You could be forgiven for thinking that being a family history researcher is not a seasonal job. But each year as Mothering Sunday approaches my inbox swells with queries relating specifically to mothers, and then as June approaches the same thing happens with Father's Day.

So far this year is no different. This week I've appeared as an expert on BBC Radio Wales' Jamie and Louise programme, which means I get to chat live on air about my research, offering advice and even get the chance to surprise some listeners with information that has remained elusive.

Just before Christmas I received an email during another appearance on Jamie and Louise from Jean Cook in Wrexham who wanted help tracing her husband's ancestors.

Tony Cooke's mother had died in childbirth in 1928 when he was just three years old. Unable to ask his father too many questions Tony grew up without knowing much about his mother other than her date of death and her name, Gertrude Fisher.

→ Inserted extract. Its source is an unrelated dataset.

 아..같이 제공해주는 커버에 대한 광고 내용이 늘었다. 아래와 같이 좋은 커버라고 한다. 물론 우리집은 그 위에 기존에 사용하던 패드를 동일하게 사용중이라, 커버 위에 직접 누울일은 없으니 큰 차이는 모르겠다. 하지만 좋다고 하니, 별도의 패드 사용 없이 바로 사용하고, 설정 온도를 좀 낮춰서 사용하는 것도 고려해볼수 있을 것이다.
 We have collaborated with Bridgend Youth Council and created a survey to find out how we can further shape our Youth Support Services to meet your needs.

A simple search of the marriage indexes using both his parents' surnames around the time of Tony's year of birth uncovered a possible marriage in Wrexham in 1924. After ordering a copy via www.gro.gov.uk for £9.25, five days later it arrived and the first piece of the jigsaw was complete.

As you can see below the certified copy confirms Gertrude's age and her father's name.

Marriage certificate

Knowing that she was born around 1905 meant the next logical step was to check the 1911 census to see if I could find a match for Gertrude Fisher aged around six living with a father called Joseph in the vicinity of Wrexham.

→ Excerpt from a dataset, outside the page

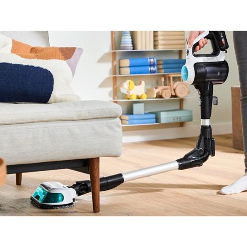 Economisești timp și energie datorită funcției Quick Stand. Treci fără efort de la curățarea podelei la curățarea diferitelor suprafețe folosind aspiratorul de mână. Quick Stand este opțiunea prin care tija și peria de aspirare sunt menținute în poziție verticală, fără niciun suport, în timp ce folosești aspiratorul de mână pentru a curăța diverse suprafețe. Nu este necesar să pui aspiratorul pe podea sau să îl depozitezi în stația de andocare. După ce ai terminat, pur și simplu atașează aspiratorul de mână pe tija metalică și continuă să aspiri podeaua.
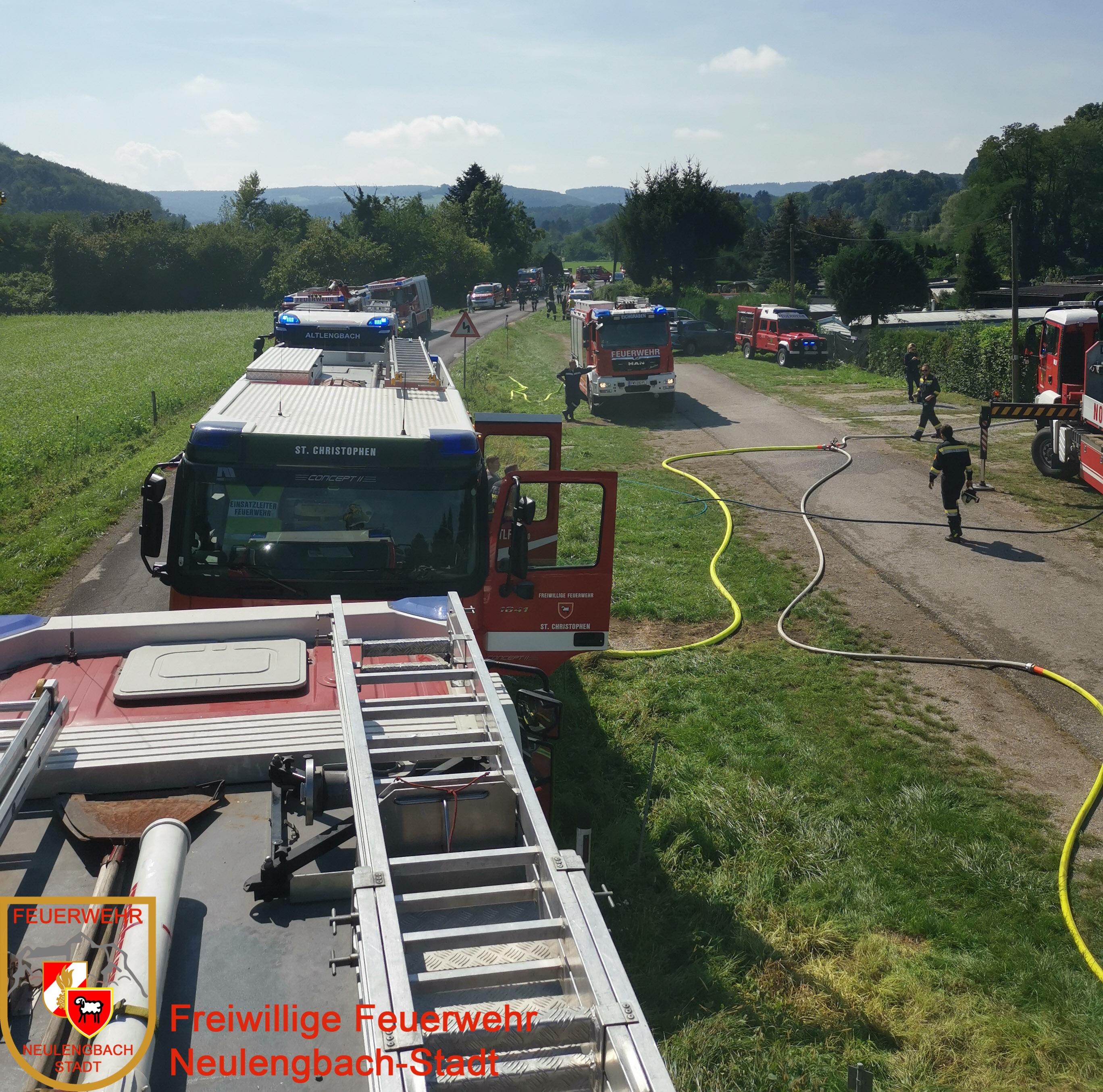 Beim Eintreffen am Einsatzort in Unterthurm stand auf einem Campingplatz eine größere Wohn-Gartenhütte in Vollbrand. Da es sich hier um das Einsatzgebiet der Freiwilligen Feuerwehr Altlengbach handelte, wurde unter der Einsatzleitung von der Feuerwehr Altlengbach, gemeinsam mit den Feuerwehren Brand-Laaben, Eichgraben, Maria-Anzbach, Neustift-Innermanzing, St.Christophen und Unter-Oberndorf, rasch mit der Brandbekämpfung und dem Schützen der umliegenden Objekte begonnen, um ein Ausbreiten des Brandes zu verhindern. Zusätzlich wurde eine Zubringleitung aufgebaut und ein Pendelverkehr eingerichtet, so konnte der Brand rasch gelöscht werden.

Bingo. The 1911 revealed not just Gertrude and her father but also a mother called Mary Jane and two siblings, Ronald and Ethel, aged four and eight respectively. The 1911 census is also the first one to confirm the length of time the head of the house has been married and how many children have been born, as well as how many children have died. It is also lovely to see the full address of the family, "37 Westminster Road, Broughton", written in hand by the occupier rather than the enumerator.

Quickly scanning the marriage indexes I located Joseph Fisher's marriage to Mary Jane George in 1902. The best website for this, since you can enter first names rather than the unknown maiden name of a woman, is www.freebmd.org.uk.

(Focusing on the maternal line means that the surname changes every generation and for this reason alone it seems that people often shy away from researching their maternal bloodlines - or at least they leave it until they have succeeded with the male lines. I'll never forget when once at a BBC family history roadshow someone asked me why I had bothered researching both sides of the family as the women's line didn't count! Perhaps Stephen Fry could invent a word for this type of person.)

Back to the 1911 census. Mary Jane's age was given as 31 and her place of birth as Wrexham. She was easy to spot on the 1881 as a one-year-old living with her parents Edward and Constance and numerous siblings in Broughton.

At this stage it always pay to check to see whether other people have already completed similar research into the same family. On Genes Reunited and Ancestry I found people who had helpfully posted a tree which declared that Constance was the daughter of Crompton and Margaret Hulme. There is even a photograph of Constance's sister Sarah dressed like Queen Victoria.

Yesterday Tony Cooke did not know the year of his parents' marriage and today he knows that Margaret Hulme was his great great grandmother. Another satisfied customer.